Http responsetime unrealistic results

Hi,

I am recording data from a number of Elasticsearch cluster. For some queries, I get huge unrealistic response time numbers (3 mins).
When I run the queries on the clusters, they return in 100ms~.

note: I didn't use PacketBeat template file.
can you please explain why this can happen? how does packetbeat calculate the response time (is it the "took" field from Elasticsearch response?).

Packetbeat doesn't use the "took" field, instead it looks at the timestamp of the request and the timestamp of the response. At the moment it actually doesn't look into the payload at all, so it doesn't know that you have Elasticsearch running, just that there's an application using HTTP.

If you have the feeling that the values are not realistic, it could be that the request is matched with the response from another request. We call this a correlation problem. Causes could be packet drops or parsing errors.

One way to check for correlation issues is to configure packetbeat to store both the full request and the response (send_request: true, send_response: false and include_body_for: ["application/json"]), then for the transactions that have unrealistic times, check if the two seem to match.

did you mean send_request: true, send_response: true?
because I have this configured already. the "include body for" too.
I do see now that the request and the response don't match (I get a different response when running the query on ElasticSearch directly).

How can I solve this correlation problem?

If this problem has no instant solution, can I use Logstash or some other tool to parse the response from ElasticSearch, and the "took" field and other fields into the JSON object?

Tudor, can you please help me fix this bug?
i can't use this tool because of the above.

Next step would be to identify why is the miss-correlation happening. The most likely reason is that Packetbeat drops messages when reading form the network interface.

Some questions:

  • How often does the miss-correlation happen? Maybe try putting them on a graph in Kibana (all transaction with responsetime > 30s) and see if they are clustered in some periods or randomly distributed.
  • What sniffer type do you use in Packetbeat? The defualt pcap or af_packet? Would be good to post the full config.
  • How many requests per second is Packetbeat seeing
  • If you do ifconfig eth0 where eth0 is the interface where it is sniffing, do you see any drops or errors?

You could try it like that, but probably won't be very easy.

Depending on what you are trying to accomplish, the slow query log and Marvel might also be helpful.

Hi Tudor, Thank you for the answer.

  1. this occurs in a randon time frame (I checked the the transactions with a negative response time, which i guess comes from the root cause)

  2. the config:

interfaces:
device: any

protocols:
http:
ports: [9200]
send_request: true
send_response: true
include_body_for: ["text/html", "application/json"]

mysql:
ports: [3306]

mongodb:
ports: [27017, 27019]
send_request: true
send_response: true

output:
redis:
enabled: true
host: "redishostname"
port: 6379

  1. i don't know for sure, because this is still in test environment and i delete yersterday's indices.
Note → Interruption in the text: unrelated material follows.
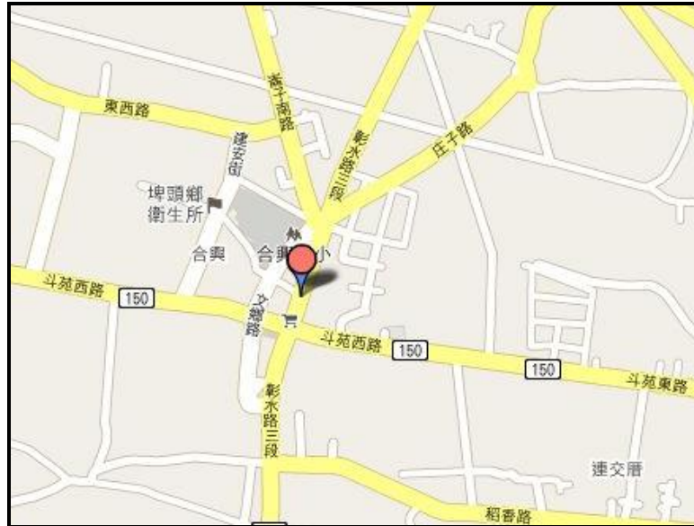
圖三 埤頭鄉召會會所位置圖

會所位於埤頭鄉合興村彰水路三段 752 號(如圖三)，也就是埤頭鄉內兩條主要幹道節點附近(彰水路、斗苑東西路)，其鄰近有 7-11、藥局、郵局、鄉公所、農會，生活機能便利、健全。

  2. I do see drops on some servers, BUT, when i run responsetime < 0, and visualize in kibana for the result's split across the servers, i get that most of the transactions came from servers without any drops.

This drops makes me worry, does the packetbeat has to do anything with the drops? those servers have the same hardware as production, and with the same exact traffic, i get drops on the test and not on prod.

Tudor, what should we do about it?

I used Logstash to parse the response, and use the took data as a new field, but I have a lot of transactions where the request doesn't match the response.

Is there a chance to get a trace with raw network packets? I'd like to have a look and see if we can improve correlation.

I can't get the production traffic out.
Ask me anything, I really need the traffic to correlate correctly.

Issue seem (!) to be resolved after upgrading (packetbeat's) Elasticsearch to 2.2.0 version (no sure why this is related) .
Edit: ** this did not solve the problem, just mitigated it

Any updates on this problem, i can see response time to be 0,1 for most of my traffic

Even I see that http responsetimes in either 0,1 and why not decimals? Is it rounding off?

I have the same problem. The response time for queries is mostly 0. Is this a bug?

Its been long I tested, I couldn't solve that at that time. I didn't dig deep into it, not sure if it is a bug.

Hi, Are you able to figure out solution to this problem?

@Akashi_Seih @jonatanzafar59 @Rachit_Puri Hi, Can you please help me if anyone if figured out the solution to this problem?